The details are no where to be found partly because the media hasn’t demanded them. They’ve been too busy calling Sarah Palin a moron instead of asking meaningful questions about possibly the most important government reform plan in recent memory. By granting the death panel lie unchallenged air time, the mainstream media contributes to the lie’s credibility. Even if Palin’s absurd claim is reported with an eye roll and a “Can you believe what she said this time?” sneer, the lie becomes part of the healthcare debate when it should be swiftly squashed by the nation’s media.
Very real issues like astroturfing, private healthcare industry donations to members of Congress, and Big Pharma’s private meetings with Obama go unreported or at best, underreported. The whole idea behind having a free media is to educate the populace. Unfortunately, what we have is a pack of oversized children that can’t focus on a single issue for more than five minutes, and constantly genuflect before the God of Personality that demands they obsessively document what strange amalgam of words Palin managed to string together this week. Meanwhile, Americans are uninsured, underinsured, and sometimes waiting in animal pens in to receive healthcare.
Last week, The Columbia Journalism Review’s Dean Starkman wrote an article in defense of Matt Taibbi’s coverage of Goldman Sachs, though Starkman also threw in an unnecessary jab about Taibbi’s “hyperbolic” style. Digby responded with an anecdote about a panel she spoke on with David Sirota and Taibbi a couple of months ago about the forces that are standing in the way of the progressive agenda.

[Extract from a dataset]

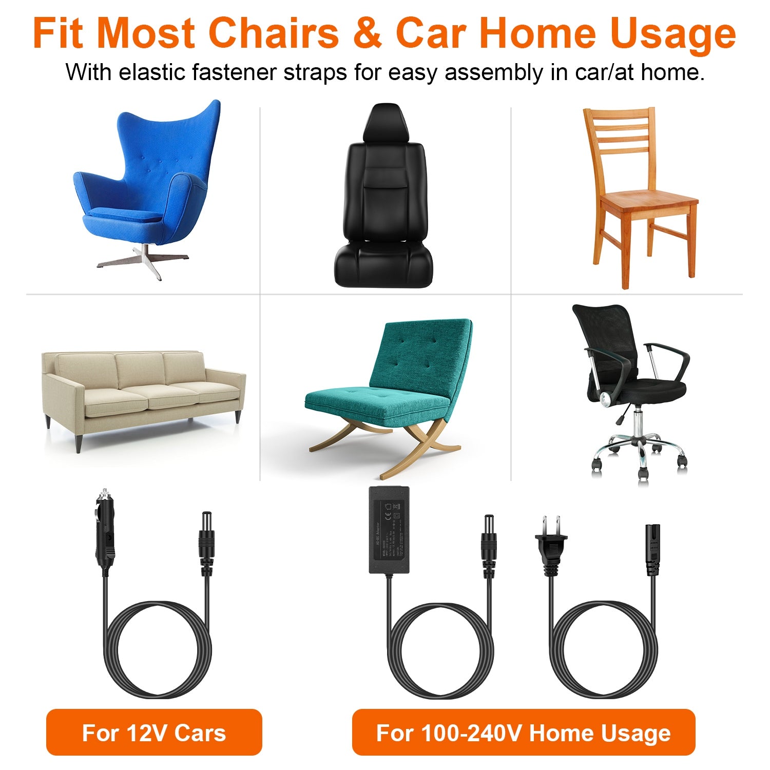 - Elastic fastener straps ensure a secure fit on car seats, sofas, recliners, or home chairs
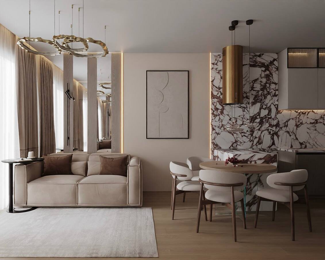✈️ Закулисье визуализаций После того как мы утвердили планировку, команда переходит к визуализации центральной зоны. Первые рендеры всегда смотрит арт-директор, потом — я. Начинается самое интересное: обсуждения, доработки, уточнения. Иногда это мелкие штрихи, а иногда — целые перестановки света, декоративных акцентов, мебели. Когда всей команде кажется, что «всё, попали в точку» — отправляем визуализацию на согласование заказчикам. А теперь угадайте 👀 Какая из этих двух версий ушла заказчице на согласование? И какая, по вашему мнению, выглядит лучше? (приложу оба рендера ниже) P.S. Кухня-гостиная ЖК SAVIN PREMIER 16,7 м2

As I listened to [Taibbi] speak, I realized it wasn’t just that he had attitude (which he has) or that he takes a point of view (which he does.) A good part of his talk was spent explaining the arcane mechanisms that fueled the crisis, much of which I think is terribly confusing to lay people and makes it hard to grasp exactly what happened and why we should care. And I realized that in all of his discussion, Taibbi didn’t use any of the usual journalistic conventions and he never uses jargon, ever, in his speech or in his writing. Yes, he’s funny and profane, but he’s also very, very clear.

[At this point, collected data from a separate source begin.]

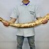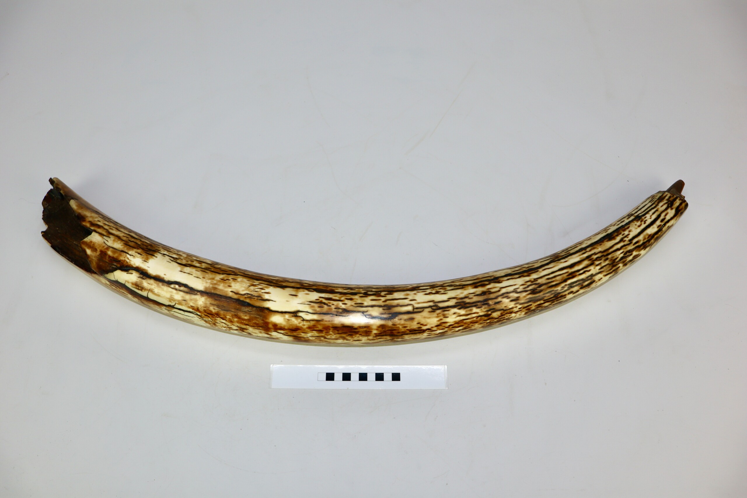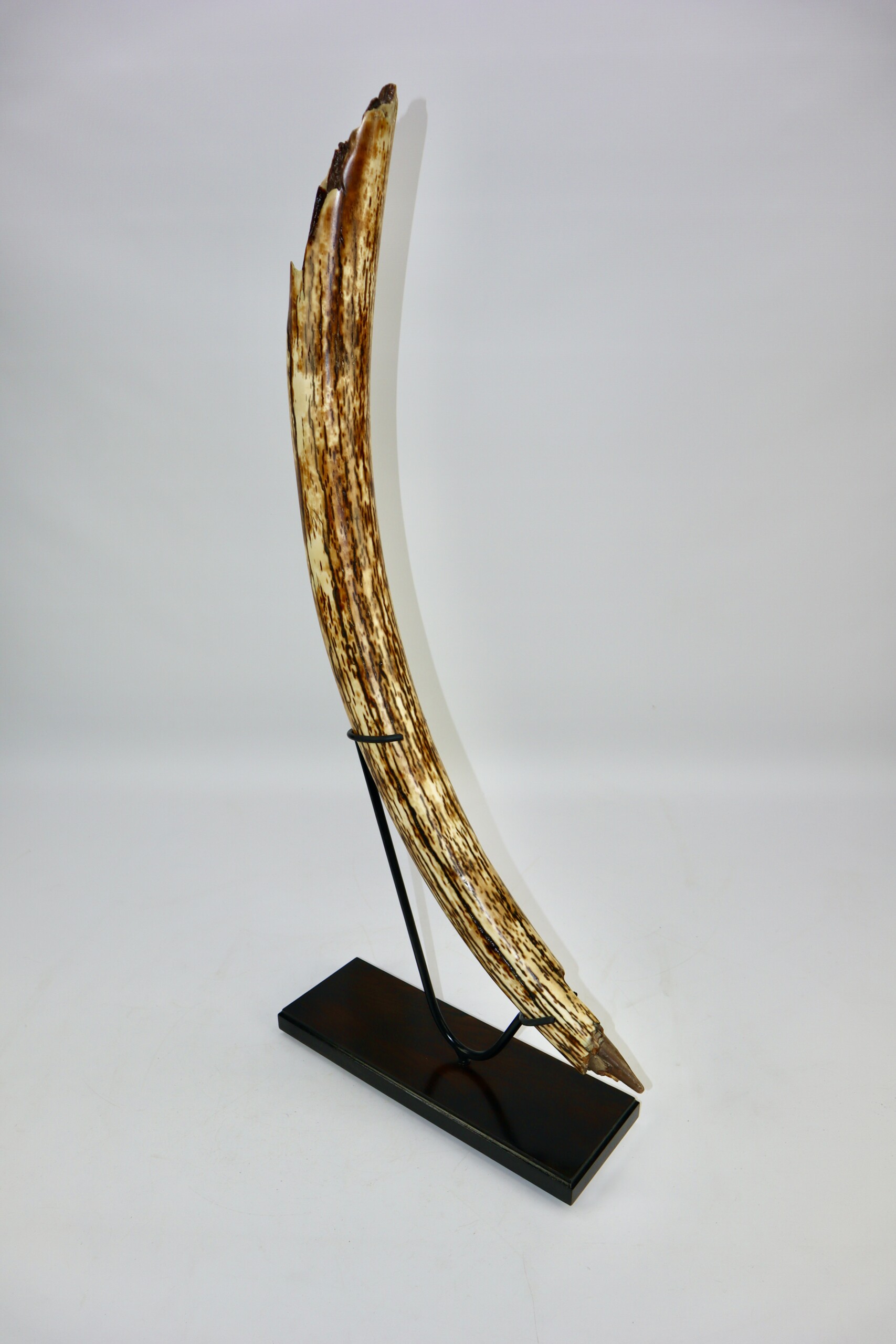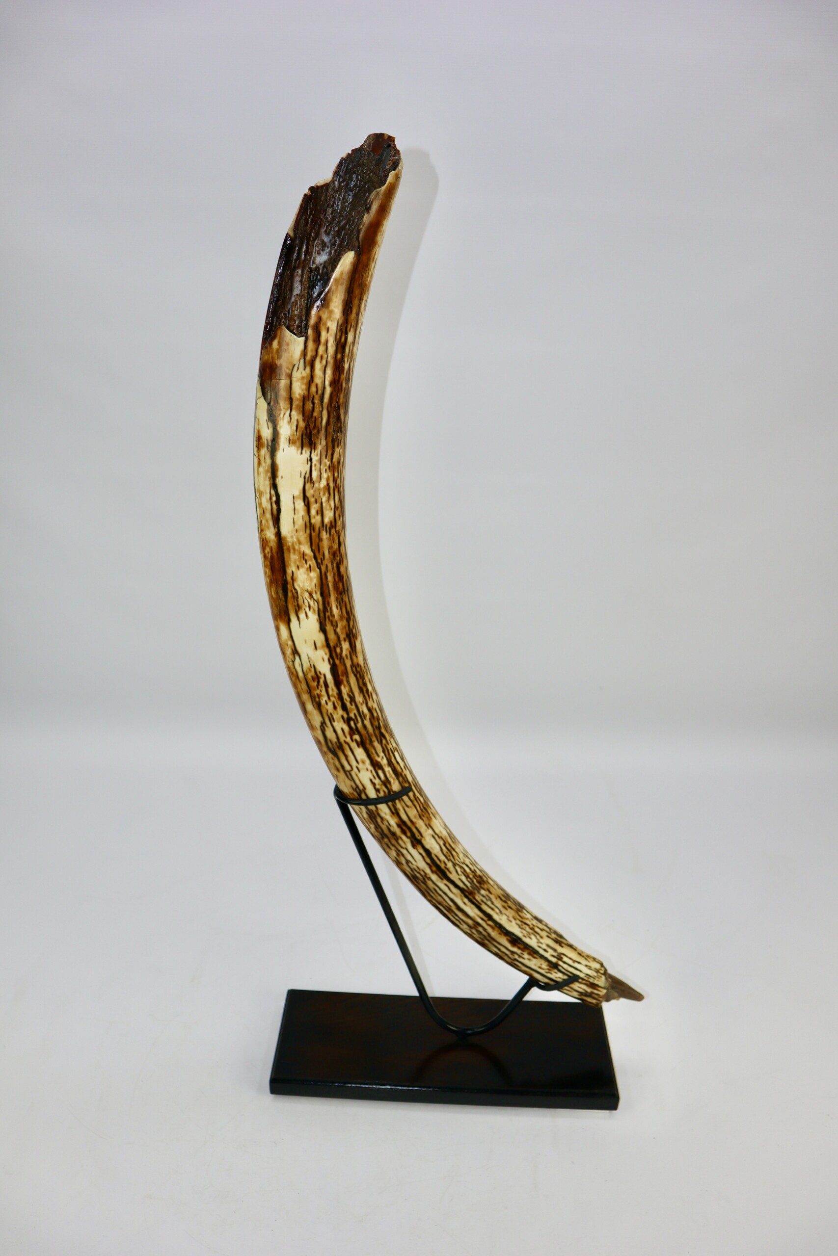 On offer is a fantastic half tusk of a female Woolly Mammoth from the Pleistocene era. Although it is only a half tusk, otherwise it is in excellent condition as seen in the images. This is the middle part of the tusk, the base and tip are missing. A crack has been professionally repaired, otherwise no restoration whatsoever. This tusk piece is of beautiful ivory of mainly white, gold, grey andย brown ivory, and with stunning patterning. Fantastic piece and highly recommended. The black and white section of the ruler in the image represents 10 cm / 3.9 inch. This piece has been applied with a matt finish, but it is also possible to order it with a glossy finish.
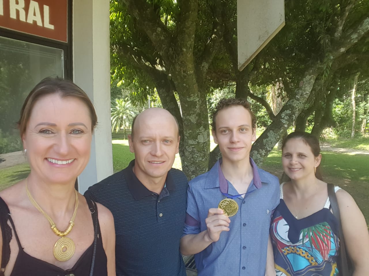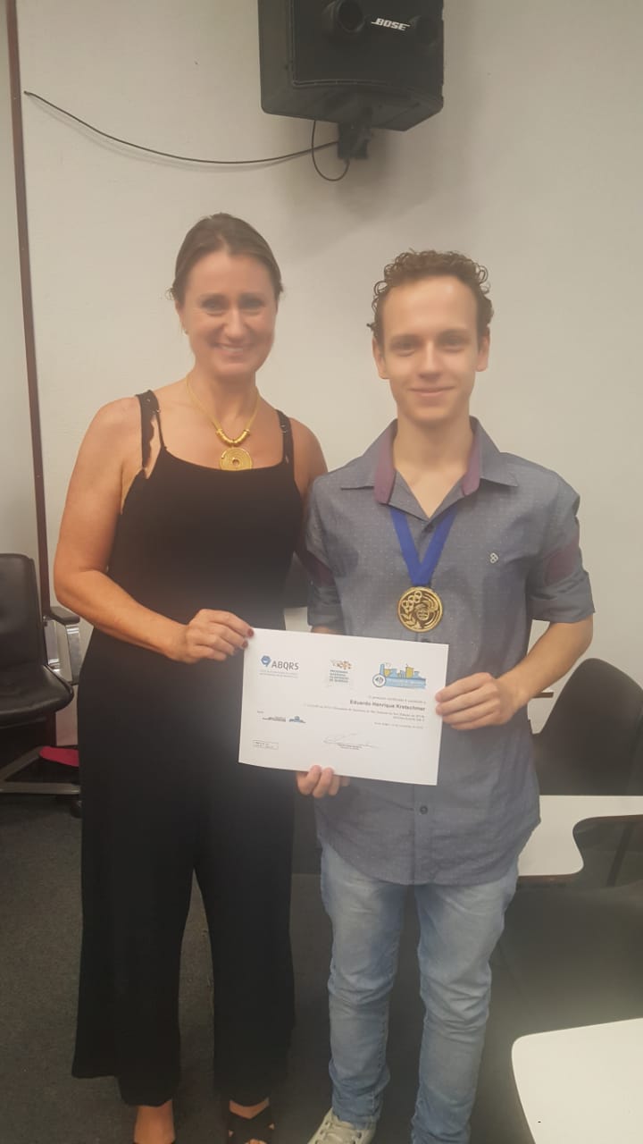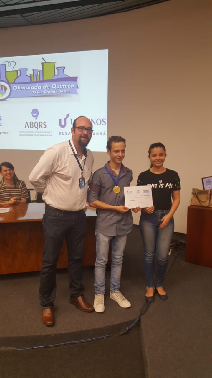 O estudante Eduardo Henrique Kretschmer, do 3º ano do curso Técnico Integrado em Edificações, do IFFar – Campus Santa Rosa, conquistou a medalha de ouro na XVIII Olimpíada de Química do RS. A solenidade de premiação ocorreu na tarde de ontem (18), no Auditório Central da Unisinos – Campus São Leopoldo. O aluno foi ao evento acompanhado pelos pais e pela professora de Química, Dra. Vera Klajn. Eduardo participou da Olimpíada em 2018 e 2017 também, enquanto cursava o 1º e 2º ano do ensino médio. Ele conta que as participações anteriores e as atividades como monitor da disciplina de Química serviram como preparação para esse ano. "Agradeço aos alunos que procuram a monitoria, porque ao ajudar os colegas a solucionar alguma dificuldades em relação aos conteúdos trabalhados nas aulas de Química, acabo reforçando meu aprendizado".
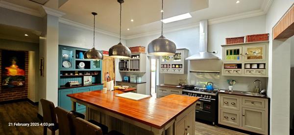 At the centre of it all, the farm-style kitchen commands attention. A substantial breakfast island anchors the space, complemented by a gas hob, electric oven and an impressive walk-in pantry. The adjoining scullery and laundry room allow the kitchen to remain pristine while daily life continues effortlessly behind the scenes. Whether entertaining on a grand scale or enjoying quiet family dinners, this space rises to every occasion.

That ability to cut through propaganda and clearly explain an issue is a basic requirement for journalists. However, in their rush to secure ratings and readers, the mainstream media has lost site of the target. Pundits and editors now think that presenting both sides of an issue (Living Wills VS. Death Panels) is “good journalism.” It’s not. It’s presenting the truth and the lie as equal halves of reality. The mainstream media has become a platform for private industry propaganda, and utter lunacy in the case of “Death Panel” claims, instead of a place of education for the citizenry about a gravely serious issue: the future of their healthcare.
Failing to call a lie “a lie” is not balanced or fair. By failing to call the “death panel” myth what it is — pure bullshit — the media is not behaving as a watchdog, but rather as a propaganda appendage for the private healthcare industry and its army ranging from unwitting soldiers like Palin to the Blue Dog lieutenants that can’t stuff their pockets with healthcare industry cash fast enough.
Maybe the American people would have started paying for newspapers again if they felt the papers were providing a service. If newspapers contained real, clear facts, and presented issues in a useful fashion, Americans may have fought to save them. Instead, the media has chosen to report the news like a horse race where truth and lies compete for the attention of the citizenry, and Americans (rightfully) refuse to pay for that crap.